Category Archives: Hanna Travels

2013 Summer (Baltic and Britain – Scotland – July 15 – Day 22 – Part 1)

We had four days before we were scheduled to pick up our son and his financé at the Edinburgh airport.  They were flying in from Dubai, where they lived at the time, to get married on July 22.  Other family members and guests would be arriving over the couple of days preceding the wedding so we planned to be in Edinburgh on the 16th.  That only left us a couple of  days  to  explore.We headed east of Stirling up the north side of the Firth of Forth with the famous golf town of St. Andrew’s as our destination.  First we stopped at Culross, considered one of the best preserved 17th century towns in Britain.  This once thriving port town on the River Firth was a hive of activity due to the coal mining, salt panning, and now obsolete trade of iron girdle making.

We spent two hours wandering the streets and gardens.

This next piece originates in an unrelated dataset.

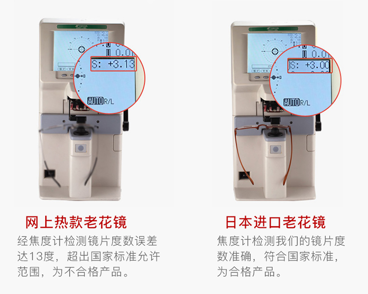 有人会担心度数准不准的问题。经焦度计检测,其他网上热款老花镜,度数误差超出国家标准允许范围;镜品堂老花镜,做工严谨,度数精准,符合国家标准!不愧是60年老牌,十分让人安心!
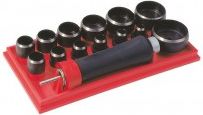 Zestaw wycinaków rymarskich firmy NAREX - 13szt z wymienną rękojeścią. Zestaw zawiera wymienne wycinaki o średnicach: 10, 12, 14, 16, 18, 20, 22, 25, 30, 35, 40, 45, 50 mm i rękojeść do pobijania. Wycinaki wykonane są ze stali chromowo-wanadowej hartowanej do uzyskania twardości 52HRc. Przeznaczone do wycinania uszczelek z gumy, korka i innych materiałów miękkich oraz wycinania otworów w tych materiałach.

There were beautiful pots of flowers all over the place, in front of doors, on stairways, by the roadside.  It was all very picturesque.

Many of the streets were the original cobblestone. This  lovely  garden  was  just  down  the  hill  from  Culross  Abbey.Much of the abbey is a ruin, but there are still regular worship services held in the West Kirk.There were some very unique names for the houses and cottages.

The palace was closed the day we were there, so we didn’t have a chance to go inside.   A large garden is planted each year on the palace grounds and you can purchase herbs, fruit, and vegetables in season.It is certainly a striking colour.

2013 Summer (Baltic and Britain – Scotland – July 14 – Day 21 – Part 2)

We had tried twice before, on our second and third days in Scotland on July 25 and 26 to tour Argyll’s Lodging, which is located down the hill and around the corner from Stirling Castle.  Both days it was closed.  But this day it was open.Argyll’s Lodging is under the care of Historic Scotland and guided tours are arranged through the ticket office at Stirling Castle.  The mansion was built in the 1670’s as the residence of a high ranking nobleman serving in the royal court.  It is named for the Campbells of Argyll and is considered to be the most complete aristocratic townhouse of its period in Scotland. Visitors get to witness the high-status domestic life of the 1600s. There are so many historic castles, abbeys and buildings in Scotland that it must be a challenge to  vary  the  displays  and  make  each  one  a unique  place  for  people  to  visit.  Argyll’s  Lodging  did  a great  job  portraying  life  in  the  kitchen  of  a great  house.All  of  the  photos  below  were  part  of  the goings-on  in  the  big  kitchen. We wandered onto the lower grounds of Stirling Castle and checked out the powder magazine where all the gunpowder used to be kept. The Castle  certainly  shows  a formidable  face  to  those  arriving  from  the  cliff side.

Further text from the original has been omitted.